Recall that \(n!\) is read as “\(n\) factorial” and represents the number of ways to arrange \(n\) objects.

Example:
Twenty-five friends participate in a Halloween costume party. Three prizes are given during the party: most creative costume, scariest costume, and funniest costume. No one can win more than one prize. How many possible ways can the prizes by distributed?

There are \(k=3\) prizes to be assigned to \(n=25\) people. Once someone is selected for a prize, they are removed from the pool of eligible prize winners. In other words, we are sampling without replacement. Also, order matters because there are specific labels on the awards. For example, if Tom, Mike, and Jane win most creative, scariest and funniest costume, respectively, we have a different outcome than if Mike won creative, Jane won scariest and Tom won funniest costume. Thus, the number of ways the prizes can be distributed is given by \({}_{25}P_3 = \frac{25!}{22!} = 13,800\). A way to visualize this expression is shown as: \[ \underbrace{\underline{\quad 25 \quad }}_\text{most creative} \times \underbrace{\underline{\quad 24 \quad }}_\text{scariest} \times \underbrace{\underline{\quad 23 \quad }}_\text{funniest} = 13,800 \]
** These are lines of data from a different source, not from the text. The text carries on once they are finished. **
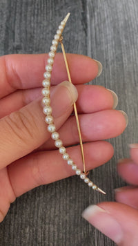 Vintage Pearl and 14K Gold Crescent Pin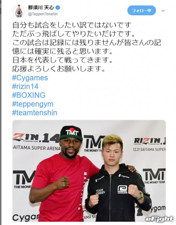 言いたい放題のメイウェザー(左)に、納得のいかない表情を浮かべる那須川(右) PHOTO=(C)RIZIN FF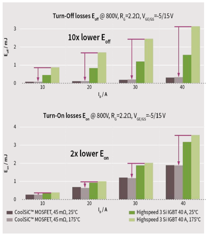 圖(tu)2. 英飛凌45mΩ 1200V CoolSiC? MOSFET和40A 1200V IGBT在同等條件(jian)下測試的(de)開(kai)關(guan)損耗對(dui)比
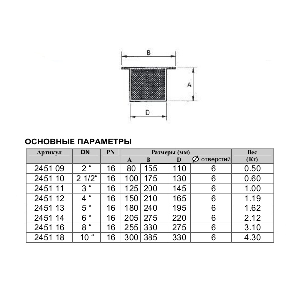 Технические характеристики фильтрующего элемента GENEBRE 2451 Ду 50: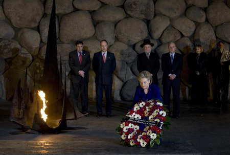 US Secretary of State Hillary Clinton lays a wreath during a ceremony in the Hall of Remembrance at Yad Vashem Holocaust Memorial in Jerusalem March 3, 2009. [Agencies]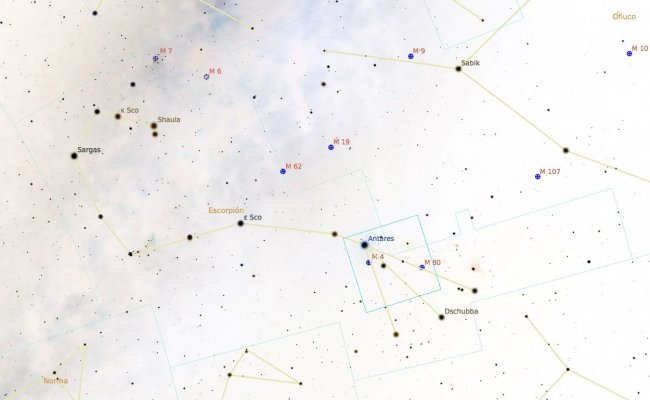 Localización y dimensiones del campo cubierto (cuadrado azul) por la imagen presentada. Gráfico obtenido con Stellarium.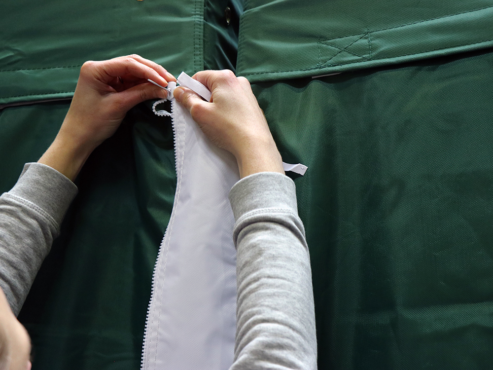 Wanneer u twee Solid 30 of Solid 40 vouwtenten met zijwanden aan elkaar koppelt, ontstaat er tussen de tentframes een verticale kier waar wind en regen vrij spel hebben. Met deze verbindingsstrook ritst u eenvoudig een extra tussenstuk tussen de zijwanden, waardoor de volledige opstelling opnieuw wind- en waterdicht wordt.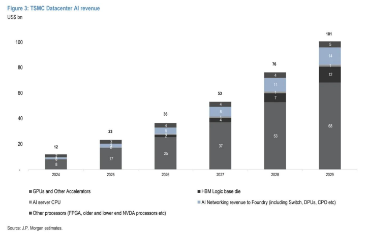 网络设备与HBM(高带宽内存)基础芯片需求也将成为重要增量。小摩预测,2024-2029年台积电AI网络设备营收CAGR将达58%,随着GPU/AI集群规模扩大,硅光(Silicon Photonics)、共封装光学(CPO)技术普及加速,2029年网络设备将占数据中心AI需求的20%(2025年为17%);HBM基础芯片方面,2026年起英伟达、AMD等企业将逐步采用HBM4配置,预计2027-28年HBM基础芯片需求将显著增长,2029年台积电HBM基础芯片营收将达120亿美元,占数据中心AI总营收的12%。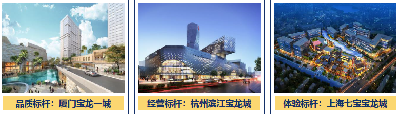 2018年,厦门宝龙一城开业,在宝龙地产众多商业综合体中,该项目定位为“品质标杆”,其作为厦门岛内首创的“六位一体”商业综合体,开业当天的客流量就达到30万以上,开业后月均客流量200万人次,已成为潮流青年网红打卡地标。此外,杭州滨江宝龙城定位为“经营标杆”,而上海七宝宝龙城则被定位为“体验标杆”。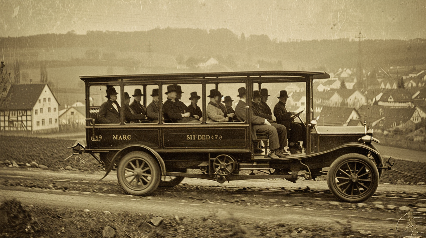 Карл Бенц адаптировал свой автомобильный двигатель. Первый его автобус вмещал 8 пассажиров и на регулярной основе обслуживал маршрут между немецкими городами Зиген, Нетфен и Дойц. Это было небольшое расстояние, но изобретение инженера стало первым в истории шагом к созданию общественного транспорта с бензиновым двигателем.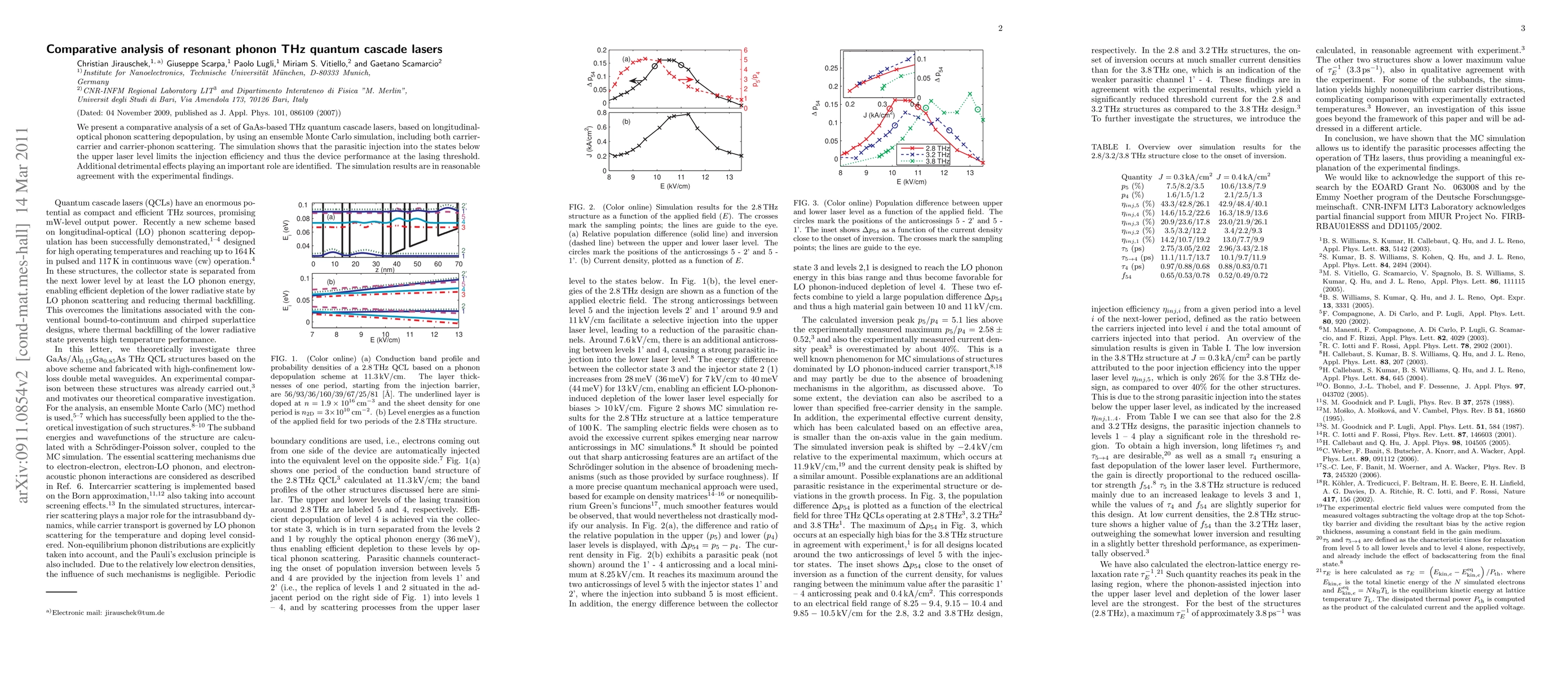 This paper uses Monte Carlo simulations to compare GaAs-based THz quantum cascade lasers, identifying that parasitic injection into lower states limits efficiency and performance. The simulation results align well with experimental data, highlighting additional detrimental effects.

It is sometimes difficult to determine whether order matters in a problem, but in this example the named prizes were a hint that order matters. This is usually the case when there is some type of label to be attributed to individuals.

Let’s use the idea of a permutation to calculate a probability.

Exercise:
Assume that all 25 participants are equally likely to win any one of the three prizes. What is the probability that Tom doesn’t win any of them?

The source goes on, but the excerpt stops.